§ **Work order**
Word for word, restate the listing; omit the pictures.

§ **Information supplied**

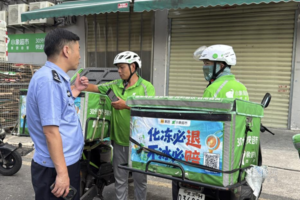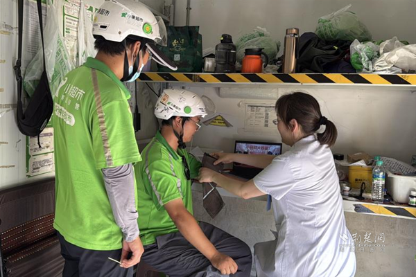 “师傅们快进来歇歇脚,喝杯酸梅汤解解暑!”工会志愿者和“两新”组织居然智家余家头店的工作人员向户外工作者发放解暑凉饮。外卖骑手张师傅接过酸梅汤一饮而尽,直呼“够地道、够解渴”。工会志愿者还为新就业群体送上包含藿香正气水、冰凉袖套、驱蚊花露水等“清凉礼包”,并叮嘱他们合理安排作息时间,做好高温防护。
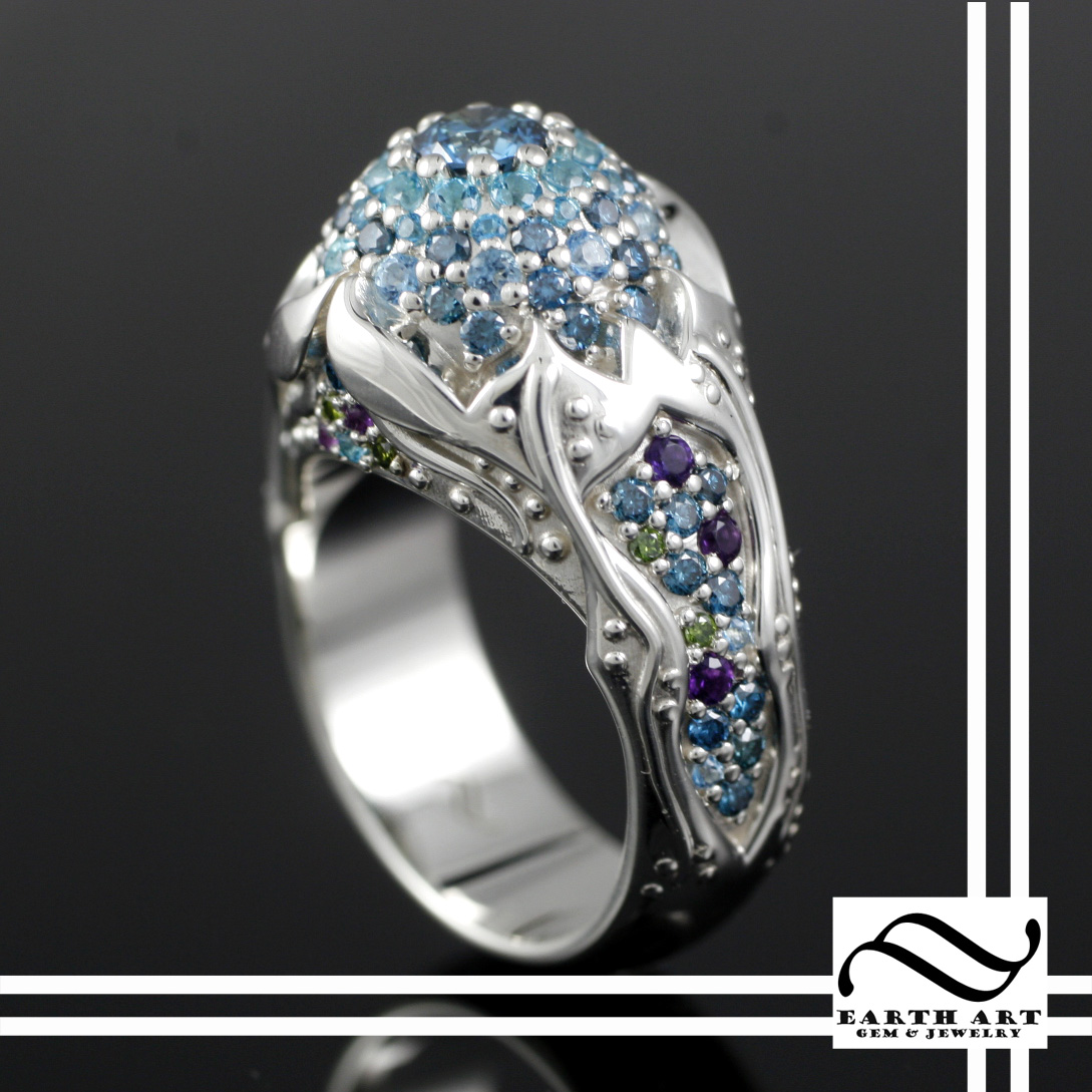 This custom ring is truleyone of a kind! Crafted to look like a jellyfish floating in the sea it features varios gemstones and blue diamonds.
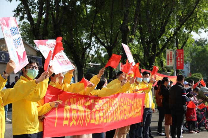 4月15日下午,賀州支援湖北醫療隊33名隊員圓滿完成工作任務凱旋而歸。賀州正贏實業公司黨支部組織全體黨員干部職工一行到賀州大道迎接英雄歸來,開展“致敬英雄,擔當作為”主題黨日活動。

§ **Written answer**
 “师傅们快进来歇歇脚,喝杯酸梅汤解解暑!”工会志愿者和“两新”组织居然智家余家头店的工作人员向户外工作者发放解暑凉饮。外卖骑手张师傅接过酸梅汤一饮而尽,直呼“够地道、够解渴”。工会志愿者还为新就业群体送上包含藿香正气水、冰凉袖套、驱蚊花露水等“清凉礼包”,并叮嘱他们合理安排作息时间,做好高温防护。
 This custom ring is truleyone of a kind! Crafted to look like a jellyfish floating in the sea it features varios gemstones and blue diamonds.
 4月15日下午,賀州支援湖北醫療隊33名隊員圓滿完成工作任務凱旋而歸。賀州正贏實業公司黨支部組織全體黨員干部職工一行到賀州大道迎接英雄歸來,開展“致敬英雄,擔當作為”主題黨日活動。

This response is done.